Хааа-ха-ха-хааа-ха-ха!
Цеттриц аж прослезился от смеха, с ним разом и его бургманы.
Одна из борзых залаяла, получила пинка. Сталеглазый пришелец страдальчески
улыбнулся.
— Однако ж я его предупреждал, — посерьезнел рыцарь, — чтобы
он мне подданных не подстрекал. Пой, говорю ему, курва мать, сколь угодно
песенки о Виллисе и Антихристе, называй сколько влезет попов пиявками, потому
как они и есть пиявки. Но не втолковывай черни, курва твоя мать, что перед
Богом все равны и что вскоре все будет общим, включая и мое имущество, мой бург
и мою сокровищницу. И что дань замку вообще платить не надо, потому что
приближающийся справедливый божеский порядок упразднит и ликвидирует всякие
подати и повинности. Я предупреждал, предостерегал. Он не послушался, вот я и посадил
его в яму. Еще не решил, что с ним делать. Может, велю повесить. Может, только
выпороть. Может, поставлю под прангер на рынке в Ландесхуте. Может, выдам в
руки вроцлавского епископа. Мне надо смягчать отношения с епископатом, потому
что мы в последнее время малость пособачились, хаааа-ха-ха!

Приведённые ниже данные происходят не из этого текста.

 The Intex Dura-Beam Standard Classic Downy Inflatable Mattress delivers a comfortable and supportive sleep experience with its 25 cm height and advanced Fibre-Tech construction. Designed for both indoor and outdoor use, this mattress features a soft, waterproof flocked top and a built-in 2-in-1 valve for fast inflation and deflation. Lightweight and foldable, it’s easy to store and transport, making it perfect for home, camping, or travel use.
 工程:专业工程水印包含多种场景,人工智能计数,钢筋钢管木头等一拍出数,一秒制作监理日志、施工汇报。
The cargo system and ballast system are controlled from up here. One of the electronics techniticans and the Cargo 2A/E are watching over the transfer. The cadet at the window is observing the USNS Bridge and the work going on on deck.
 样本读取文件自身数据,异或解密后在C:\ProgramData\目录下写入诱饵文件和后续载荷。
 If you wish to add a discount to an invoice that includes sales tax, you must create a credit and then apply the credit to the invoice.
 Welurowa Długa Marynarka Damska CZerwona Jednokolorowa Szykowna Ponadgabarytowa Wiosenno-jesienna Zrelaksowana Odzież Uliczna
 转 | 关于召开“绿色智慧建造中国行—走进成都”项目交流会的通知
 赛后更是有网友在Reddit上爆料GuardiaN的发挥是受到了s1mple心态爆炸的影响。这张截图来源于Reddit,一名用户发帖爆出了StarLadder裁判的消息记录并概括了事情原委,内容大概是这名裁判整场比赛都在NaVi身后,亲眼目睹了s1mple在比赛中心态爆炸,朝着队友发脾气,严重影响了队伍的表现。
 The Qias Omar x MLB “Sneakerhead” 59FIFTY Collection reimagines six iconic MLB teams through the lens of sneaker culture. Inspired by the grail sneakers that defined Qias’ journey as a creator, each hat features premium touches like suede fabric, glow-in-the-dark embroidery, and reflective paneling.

Сталеглазый священник, конечно, знал, в чем дело, Знал о
нападении на монастырь цистерцианцев в Кшешове, которое Цеттриц совершил летом
прошлого года. Из хохота людей за столом он сделал вывод, что они наверняка
участвовали в грабеже. Возможно, он слишком внимательно присматривался,
возможно, что-то было в его лице, потому что хозяин Шварцвальдау неожиданно
выпрямился и хватанул рукой по поручню кресла.

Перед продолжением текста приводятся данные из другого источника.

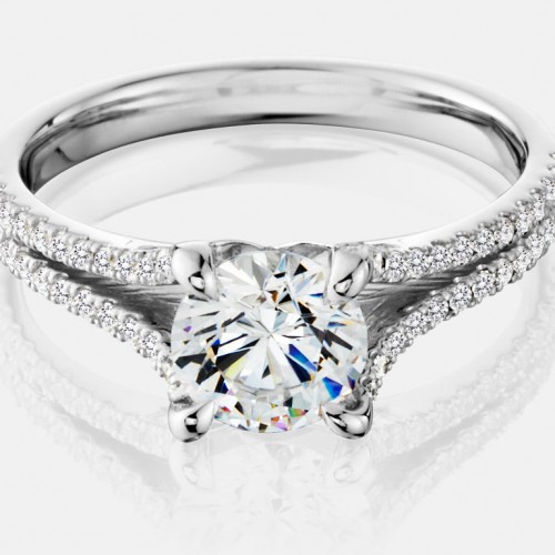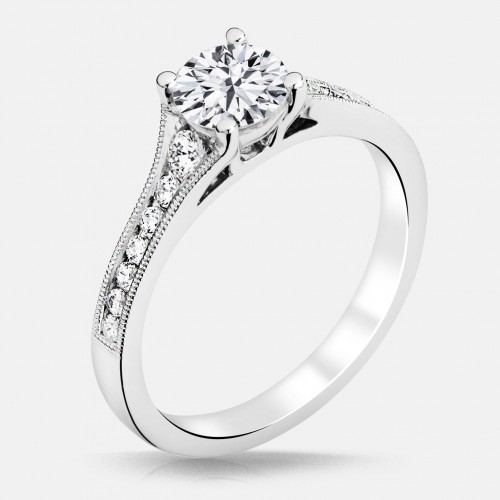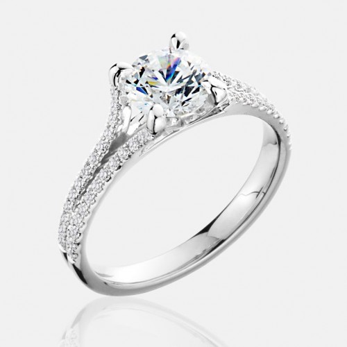 Twist half diamond shank 4 prong Mounting set with 24 round brilliant diamonds totaling 0.11 carats
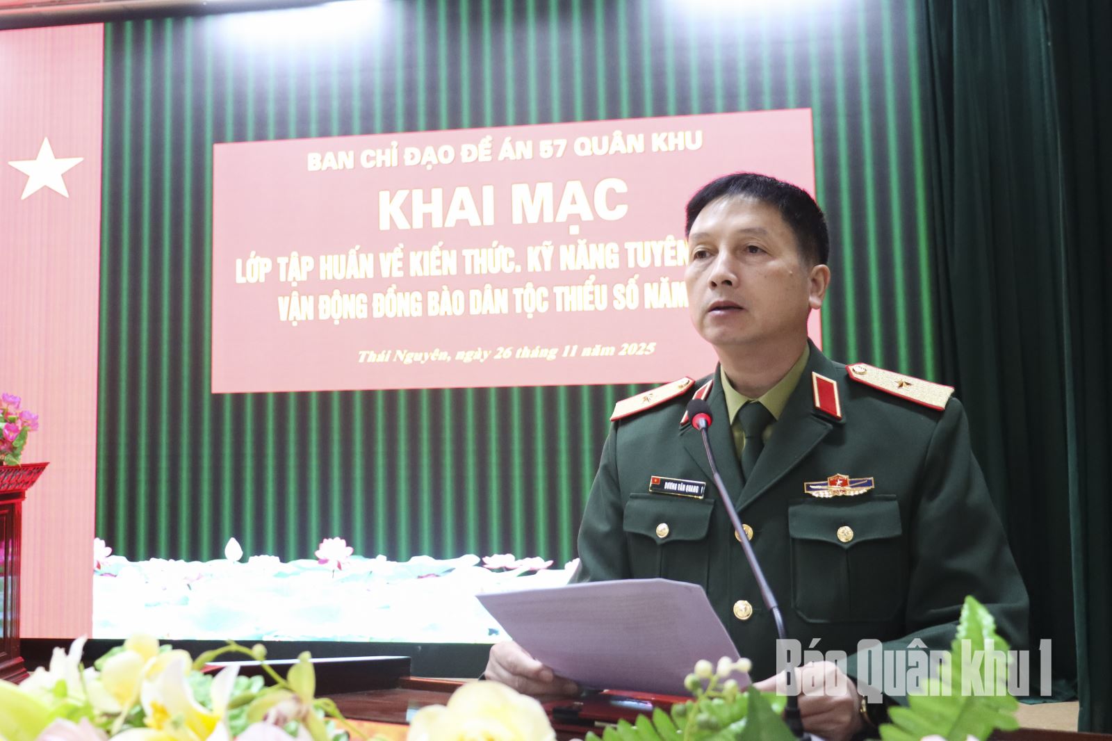Ngày 26-11, Ban chỉ đạo Đề án 57 Quân khu tổ chức lớp tập huấn kiến thức, kỹ năng tuyên truyền, vận động đồng bào dân tộc thiểu số năm 2025. Thiếu tướng Dương Văn Quang, Phó Chính ủy Quân khu dự và phát biểu khai mạc.

— Кшешовский аббат спалил у меня трех мальчишек! — рявкнул он
так, что не постыдился бы и гербовый тур. — Вопреки мне проделал. Не поладил со
мной, курва его мать, хоть я его предупреждал, что так этого не оставлю!
Бездоказательно обвинил парней в содействии и сочувствии гуситам, отправил на
костер! А все только для того, чтобы меня обидеть. Думал, я не решусь, думал, у
меня сил нет, чтобы на монастырь ударить. Ну так я ему показал, где раки
зимуют!
— Демонстрация, — священник снова поднял глаза, — прошла,
если я не ошибаюсь, с помощью и при участии трутновских сирот под началом Яна
Баштина из Поростле.
Рыцарь наклонился. Просверлил его взглядом.
— Кто ты такой, поп?
— А вы не догадываетесь?
— Догадываюсь, верно, — кашлянул Цеттриц. — Да и то правда,
что я аббата научил повиновению с вашей неоценимой гуситской помощью. Но разве
это делает меня гуситом? Я принимаю причастие по католическому образцу, верю в
чистилище, а при необходимости призываю святых. У меня нет с вами ничего
общего.
— За исключением добычи, награбленной в Кшешове, поделенной
пополам с Баштином. Кони, скот, свиньи, деньги в золоте и серебре, вина,
литургические сосуды... думаете, господин, епископ Конрад отпустит вам грехи в
обмен на какого-то уличного певца?
— Не слишком ли, — Цеттриц прищурился, — смело начинаешь?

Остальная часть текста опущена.